**Data shown:**
--------------------------------

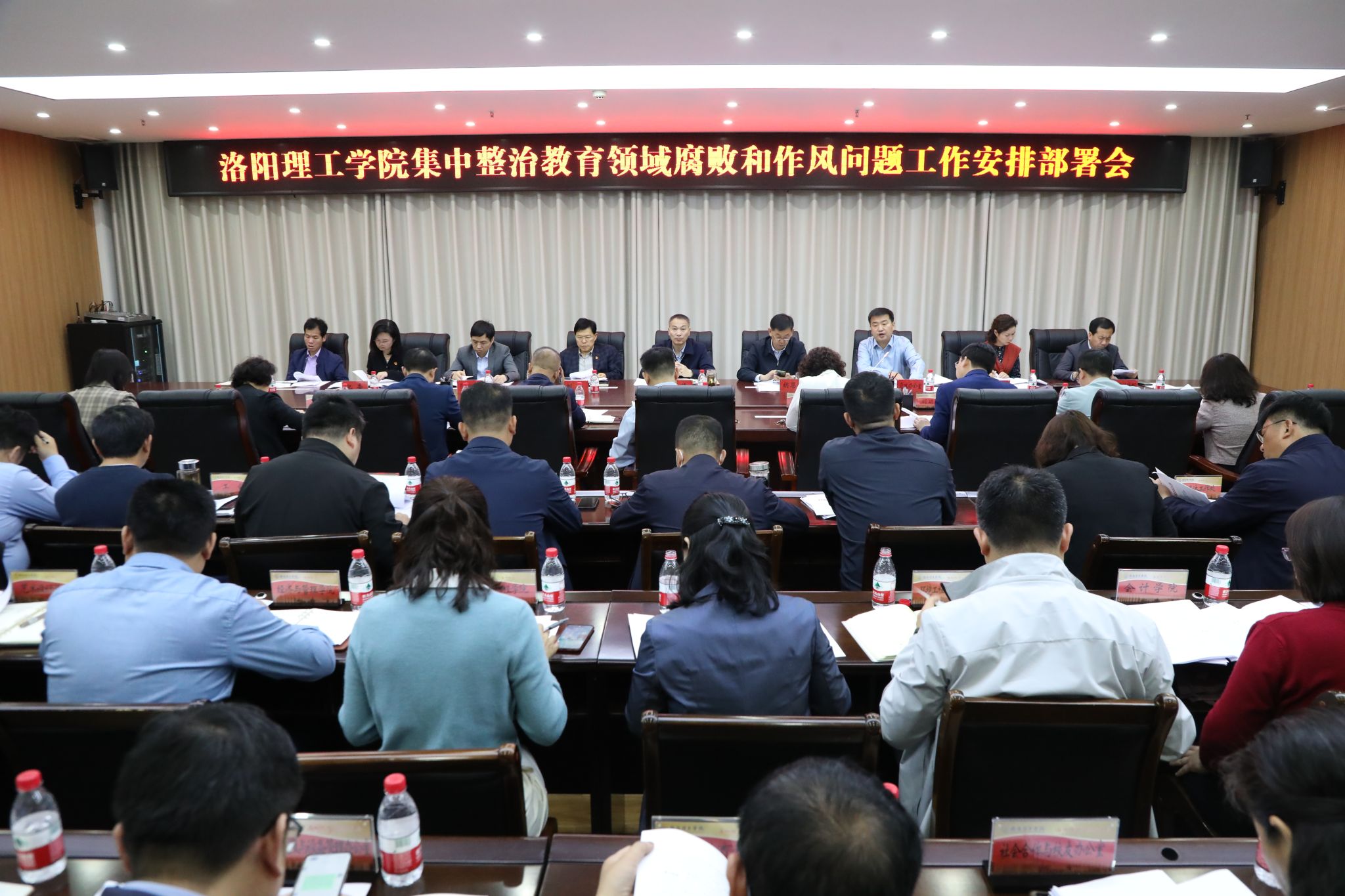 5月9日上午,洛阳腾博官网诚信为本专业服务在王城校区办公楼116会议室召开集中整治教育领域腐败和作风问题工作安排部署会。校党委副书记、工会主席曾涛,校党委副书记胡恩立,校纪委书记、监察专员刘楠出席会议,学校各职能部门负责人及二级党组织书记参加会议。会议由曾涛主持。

--------------------------------

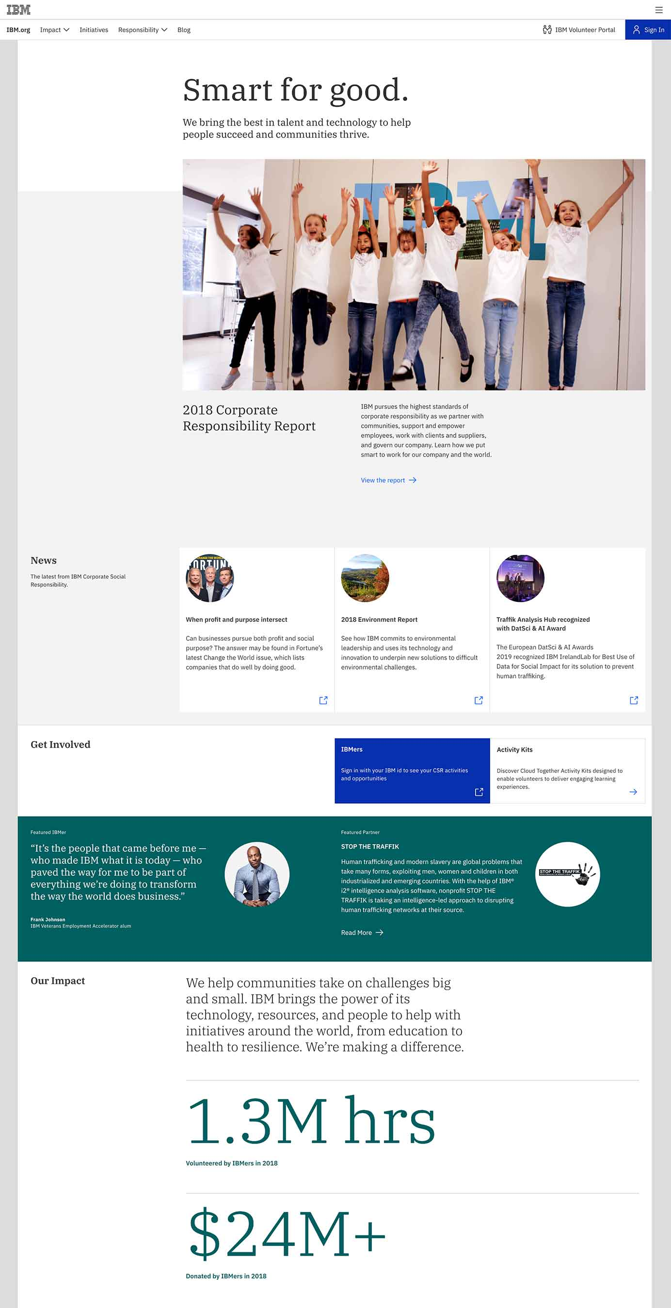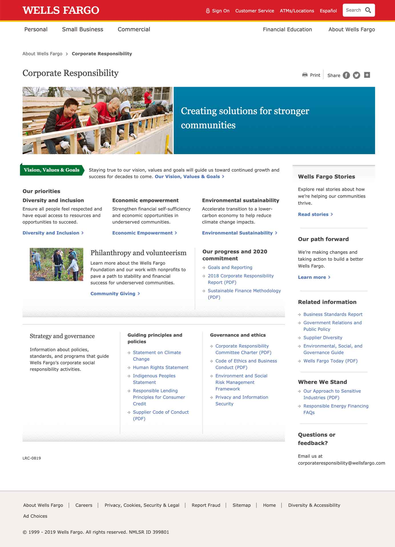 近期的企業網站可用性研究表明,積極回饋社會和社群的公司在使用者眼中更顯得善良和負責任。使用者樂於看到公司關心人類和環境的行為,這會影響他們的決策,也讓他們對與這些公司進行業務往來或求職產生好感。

--------------------------------

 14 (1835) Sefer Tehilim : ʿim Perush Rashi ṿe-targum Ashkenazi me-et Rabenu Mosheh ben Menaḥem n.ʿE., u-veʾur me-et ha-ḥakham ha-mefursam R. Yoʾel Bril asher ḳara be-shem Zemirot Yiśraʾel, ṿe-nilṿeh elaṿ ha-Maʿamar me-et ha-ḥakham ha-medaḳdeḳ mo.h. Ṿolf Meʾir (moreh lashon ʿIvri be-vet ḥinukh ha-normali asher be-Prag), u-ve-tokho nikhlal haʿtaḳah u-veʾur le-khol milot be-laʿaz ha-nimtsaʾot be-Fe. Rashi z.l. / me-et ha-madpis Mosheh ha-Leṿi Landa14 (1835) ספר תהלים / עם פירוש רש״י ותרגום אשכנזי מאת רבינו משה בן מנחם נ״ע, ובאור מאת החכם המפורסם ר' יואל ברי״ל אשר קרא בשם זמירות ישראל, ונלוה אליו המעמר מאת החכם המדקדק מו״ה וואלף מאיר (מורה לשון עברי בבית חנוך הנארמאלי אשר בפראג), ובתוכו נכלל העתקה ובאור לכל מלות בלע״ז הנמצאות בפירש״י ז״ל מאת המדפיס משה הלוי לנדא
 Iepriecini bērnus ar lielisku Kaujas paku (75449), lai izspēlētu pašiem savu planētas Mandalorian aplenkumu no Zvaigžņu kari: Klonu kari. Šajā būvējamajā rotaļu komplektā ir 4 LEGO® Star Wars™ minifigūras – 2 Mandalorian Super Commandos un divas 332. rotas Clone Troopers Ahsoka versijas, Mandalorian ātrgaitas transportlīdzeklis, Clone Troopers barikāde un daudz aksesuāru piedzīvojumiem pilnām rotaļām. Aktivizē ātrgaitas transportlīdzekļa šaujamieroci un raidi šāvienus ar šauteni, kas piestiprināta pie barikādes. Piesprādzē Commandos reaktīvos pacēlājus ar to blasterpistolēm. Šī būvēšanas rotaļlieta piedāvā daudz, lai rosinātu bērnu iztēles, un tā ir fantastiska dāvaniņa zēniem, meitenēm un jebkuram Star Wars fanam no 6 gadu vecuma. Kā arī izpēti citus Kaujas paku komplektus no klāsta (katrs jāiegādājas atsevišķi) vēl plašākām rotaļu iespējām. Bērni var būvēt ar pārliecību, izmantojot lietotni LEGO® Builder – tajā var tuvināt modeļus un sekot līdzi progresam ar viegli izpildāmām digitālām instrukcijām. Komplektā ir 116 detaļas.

--------------------------------

**Work order:**
Could you return exactly the lines above from the line with "14 (1835) Sefer" to the line with "Iepriecini bērnus ar", both included, and nothing else?

**Solution for this task:**
 14 (1835) Sefer Tehilim : ʿim Perush Rashi ṿe-targum Ashkenazi me-et Rabenu Mosheh ben Menaḥem n.ʿE., u-veʾur me-et ha-ḥakham ha-mefursam R. Yoʾel Bril asher ḳara be-shem Zemirot Yiśraʾel, ṿe-nilṿeh elaṿ ha-Maʿamar me-et ha-ḥakham ha-medaḳdeḳ mo.h. Ṿolf Meʾir (moreh lashon ʿIvri be-vet ḥinukh ha-normali asher be-Prag), u-ve-tokho nikhlal haʿtaḳah u-veʾur le-khol milot be-laʿaz ha-nimtsaʾot be-Fe. Rashi z.l. / me-et ha-madpis Mosheh ha-Leṿi Landa14 (1835) ספר תהלים / עם פירוש רש״י ותרגום אשכנזי מאת רבינו משה בן מנחם נ״ע, ובאור מאת החכם המפורסם ר' יואל ברי״ל אשר קרא בשם זמירות ישראל, ונלוה אליו המעמר מאת החכם המדקדק מו״ה וואלף מאיר (מורה לשון עברי בבית חנוך הנארמאלי אשר בפראג), ובתוכו נכלל העתקה ובאור לכל מלות בלע״ז הנמצאות בפירש״י ז״ל מאת המדפיס משה הלוי לנדא
 Iepriecini bērnus ar lielisku Kaujas paku (75449), lai izspēlētu pašiem savu planētas Mandalorian aplenkumu no Zvaigžņu kari: Klonu kari. Šajā būvējamajā rotaļu komplektā ir 4 LEGO® Star Wars™ minifigūras – 2 Mandalorian Super Commandos un divas 332. rotas Clone Troopers Ahsoka versijas, Mandalorian ātrgaitas transportlīdzeklis, Clone Troopers barikāde un daudz aksesuāru piedzīvojumiem pilnām rotaļām. Aktivizē ātrgaitas transportlīdzekļa šaujamieroci un raidi šāvienus ar šauteni, kas piestiprināta pie barikādes. Piesprādzē Commandos reaktīvos pacēlājus ar to blasterpistolēm. Šī būvēšanas rotaļlieta piedāvā daudz, lai rosinātu bērnu iztēles, un tā ir fantastiska dāvaniņa zēniem, meitenēm un jebkuram Star Wars fanam no 6 gadu vecuma. Kā arī izpēti citus Kaujas paku komplektus no klāsta (katrs jāiegādājas atsevišķi) vēl plašākām rotaļu iespējām. Bērni var būvēt ar pārliecību, izmantojot lietotni LEGO® Builder – tajā var tuvināt modeļus un sekot līdzi progresam ar viegli izpildāmām digitālām instrukcijām. Komplektā ir 116 detaļas.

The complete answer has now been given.